Initially I wanted to blog about how I find it funny that we celebrate Independence Day on the anniversary of the ratification of the Declaration of Independence. While I realize this is perhaps the most important event in the evolution of the American Revolution into a struggle for independence from Britain, it makes more sense for us to celebrate Independence Day on the anniversary of either Cornwallis’ surrender at Yorktown (October 19, 1781) or, more logically, the anniversary of the signing of the Treaty of Paris (September 3, 1783) which guaranteed American independence from Britain. At least until they decided to come back and get their butt’s kicked in the War of 1812, or as I like to call it The American Revolution 2: Citizens on Patrol.

Then the collection of Asiatic nimrods we like to call North Korea, in response to a bad translation of the “Star Spangled Banner,” decided to see if the whole rocket’s red glare thing really worked and in another fit of, “Ooh! Ooh! Look at us! We matter, dammit!” jackassery, North Korea decided to launch somewhere between 7 and 10 missile tests in the wee hours of the morning, local time. Included in the collection of missiles fired were Scud-C tactical ballistic missiles and Nodong medium-range ballistic missiles, both of which we have seen before. The center piece of this display of institutional moronosis was the launch of the Taepodong-2 intercontinental ballistic missile which has been the center of much concern over the last few weeks. The main reason the Taepodong-2 missile is such a concern is that this missile could conceivably be used to deliver a weapon system to the west coast of the United States (I have seen some graphics that posit the three-stage version of the missile could reach all the way to the Mississippi.) For those of you not keeping track this is a bad thing since the North Koreans are playing the, “we might have nukes,” game. Fortunately it appears that the second stage of the Taepodong-2 did not fire and the missile crashed into the Sea of Japan, or the East Sea for my Korean readers, 35 seconds after launch. To be quite honest I was getting longer flights out of my Estes model rockets when I was in grade school although none of those could deliver any thing more destructive than an egg.

In the weeks leading up to the launch some people, including former Vice President and Ambassador to Japan Walter Mondale and Clinton’s Secretary of Defense William Perry, were advocating a preemptive strike against the facility.
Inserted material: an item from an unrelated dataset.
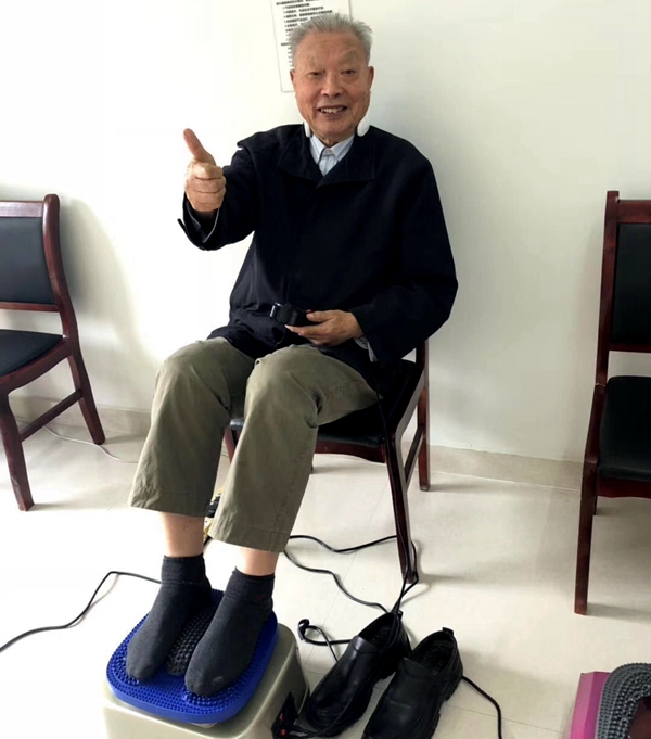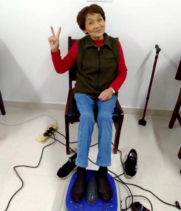 “董爹爹,你快來試試這個(gè)足底按摩儀,很舒服哦!”姚奶奶呼喚著老朋友,你一言我一語地交流著體驗(yàn)感受,于是便留下了姚奶奶比著“耶”,董爹爹豎起大拇指的生動(dòng)照片。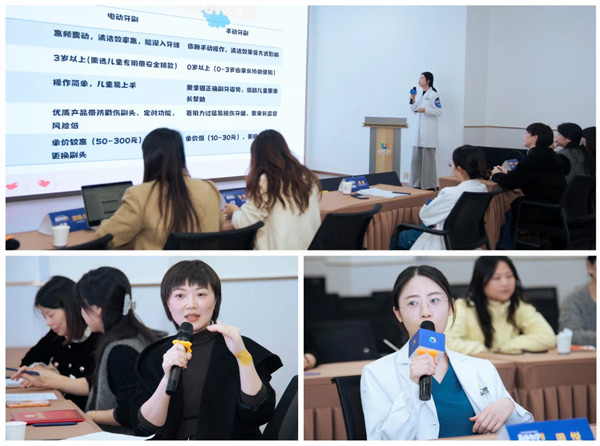 比赛现场精彩纷呈,参赛选手们各展所长,将刷牙科普变成了一场场生动有趣的教学互动。有的娓娓道来,针对不同年龄儿童详细介绍如何选择及使用口腔护理产品;有的结合朗朗上口的刷牙儿歌,同步演绎对应刷牙动作,让科普内容更具趣味性和记忆点;有的巧妙利用刷牙道具和牙齿模型,一步步示范正确刷牙方法,让抽象知识瞬间变直观;更有选手俯身亲自为小朋友刷牙,在手把手引导中,传递刷牙方法的每一个关键细节。

The point of this preemptive strike would be to, in Mr. Mondale’s words, “…end the nuclear long-range dreams of this dangerous country.” I really do not understand this line of thinking. So we blow up one missile and its attendant support materials. While this would slow down the continuing development of the Taepodong-2 it would also serve as a massive provocation to a group which has repeatedly displayed rather twitchy behavior as well as annoy China.

I like William M. Arkin’s plan as discussed here much better.

Man these guys (the North Koreans) piss me off. What a bunch of morons.